Yes, I recall bumping on this one, or something really similar to that...

> +const char *const WaitEventNames[] = {
> [...]
> +};
>
> It looks like this array wants to be in alphabetical order, but it
> isn't quite. Also, perhaps a compile time assertion about the size of
> the array matching EVENT_LAST_TYPE could be useful?

In GetWaitEventIdentifier()? I'd think that just returning ??? would
have been fine if there is a non-matching call.

> +typedef enum WaitEventIdentifier
> +{
> [...]
> +} WaitEventIdentifier;
>
> This is also nearly but not exactly in alphabetical order
> (EVENT_PROC_SIGNAL comes after EVENT_PROC_SLEEP for example). But
> it's not currently possible to have the strings and the enumerators
> both in alphabetical order because they're not the same, even
> accounting for camel-case to upper-case transliteration. I think at
> least one of them should be sorted. Shouldn't they match fully and
> then *both* be sorted alphabetically? For example
> "MessageQueueInternal" doesn't match EVENT_MQ_WAIT_INTERNAL. Then
> there are some cases where I'd expect underscores for consistency with
> other enumerators and with the corresponding camel-case strings: you
> have EVENT_WAL_SENDER_MAIN, but EVENT_WALWRITER_MAIN.

Not wrong..

> The documentation is in a slightly different order again but also not
> exactly alphabetical: for example ProcSleep is listed before
> ProcSignal.

Right.

> Sorry if this all sounds terribly picky but I think we should try to
> be strictly systematic here.

No worries about that, it matters a lot for this patch. The user-faced
documentation is what should do the decision-making I think. So let's
order the names, and adapt the enum depending on that. I have done so
after double-checking both lists, and added a comment for anybody
updating that in the fiture.

>>>> EventIdentifier seems too general name for me, isn't it? Could we name it
>>>> WaitEventIdentifier? Or WaitEventId for shortcut?
>>
>> ... And WaitEventIdentifier.
>
> +1 from me too for avoiding the overly general term 'event'. It does
> seem a little odd to leave the enumerators names as EVENT_... though;
> shouldn't these be WAIT_EVENT_... or WE_...? Or perhaps you could
> consider WaitPointIdentifier and WP_SECURE_READ or
> WaitEventPointIdentifier and WEP_SECURE_READ, if you buy my earlier
> argument that what we are really naming here is point in the code
> where we wait, not the events we're waiting for. Contrast with
> LWLocks where we report the lock that you're waiting for, not the
> place in the code where you're waiting for that lock.

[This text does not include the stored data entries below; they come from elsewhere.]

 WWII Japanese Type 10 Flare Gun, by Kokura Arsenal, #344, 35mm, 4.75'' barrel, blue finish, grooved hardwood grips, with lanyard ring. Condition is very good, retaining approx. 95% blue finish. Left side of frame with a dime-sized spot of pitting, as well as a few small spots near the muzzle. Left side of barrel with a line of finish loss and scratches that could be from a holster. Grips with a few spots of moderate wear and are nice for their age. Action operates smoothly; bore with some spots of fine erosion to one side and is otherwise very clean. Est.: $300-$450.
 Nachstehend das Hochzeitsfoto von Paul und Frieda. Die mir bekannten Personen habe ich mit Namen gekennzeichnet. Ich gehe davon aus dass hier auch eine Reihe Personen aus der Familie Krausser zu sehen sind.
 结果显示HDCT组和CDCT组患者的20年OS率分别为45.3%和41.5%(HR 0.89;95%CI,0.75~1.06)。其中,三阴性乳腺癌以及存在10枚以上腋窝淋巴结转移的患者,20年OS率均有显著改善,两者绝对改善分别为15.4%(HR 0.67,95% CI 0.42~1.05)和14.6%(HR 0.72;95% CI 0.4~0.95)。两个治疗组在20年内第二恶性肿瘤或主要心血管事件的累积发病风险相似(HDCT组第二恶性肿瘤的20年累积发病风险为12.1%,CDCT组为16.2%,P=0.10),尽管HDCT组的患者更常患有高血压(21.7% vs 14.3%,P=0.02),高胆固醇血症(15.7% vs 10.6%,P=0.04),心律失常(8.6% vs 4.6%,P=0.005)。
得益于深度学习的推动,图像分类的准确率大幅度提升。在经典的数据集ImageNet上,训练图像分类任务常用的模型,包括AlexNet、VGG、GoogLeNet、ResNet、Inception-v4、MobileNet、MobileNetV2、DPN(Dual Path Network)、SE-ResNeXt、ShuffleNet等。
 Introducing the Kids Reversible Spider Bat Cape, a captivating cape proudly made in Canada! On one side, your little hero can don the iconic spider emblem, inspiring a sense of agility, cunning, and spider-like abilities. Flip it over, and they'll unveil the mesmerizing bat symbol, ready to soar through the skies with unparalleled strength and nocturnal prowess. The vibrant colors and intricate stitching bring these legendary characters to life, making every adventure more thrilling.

Well, WE_ if I need make a choice for something else than EVENT_.

> On the other hand, if we could *accurately* report whether it's a
> "Latch", "Socket" or "Latch|Socket" that we're waiting for, it might
> be cool to do that instead. One way to do that would be to use up
> several class IDs: WAIT_EVENT_LATCH, WAIT_EVENT_LATCH_OR_SOCKET,
> WAIT_EVENT_SOCKET (or perhaps WAIT_EVENT_LATCH | WAIT_EVENT_SOCKET,
> reserving 2 or 3 upper bits from the 8 bit class ID for this). Then
> we could figure out the right class ID by looking at set->latch and
> set->nevents (perhaps an extra boolean would be needed to record
> whether postmaster death is in there so we could deduce whether there
> are any sockets). It would be interesting specifically for the case
> of FDWs where it would be nice to be able to see clearly that it's
> waiting for a remote server ("Socket"). It may also be interesting to
> know if there is a timeout. Postmaster death doesn't seem newsworthy,
> we're nearly always also waiting for that exceptional event so it'd
> just be clutter to report it.

That's actually pretty close to what I mentioned upthread here:
https://www.postgresql.org/message-id/CAB7nPqQx4OEym9cf22CY%3D5eWqqiAMjij6EBCoNReezt9-NvGkw%40mail.gmail.com
In order to support that adding a column wait_event_details with
text[] makes the most sense I guess. Still I think that's another
discussion, this patch does already a lot.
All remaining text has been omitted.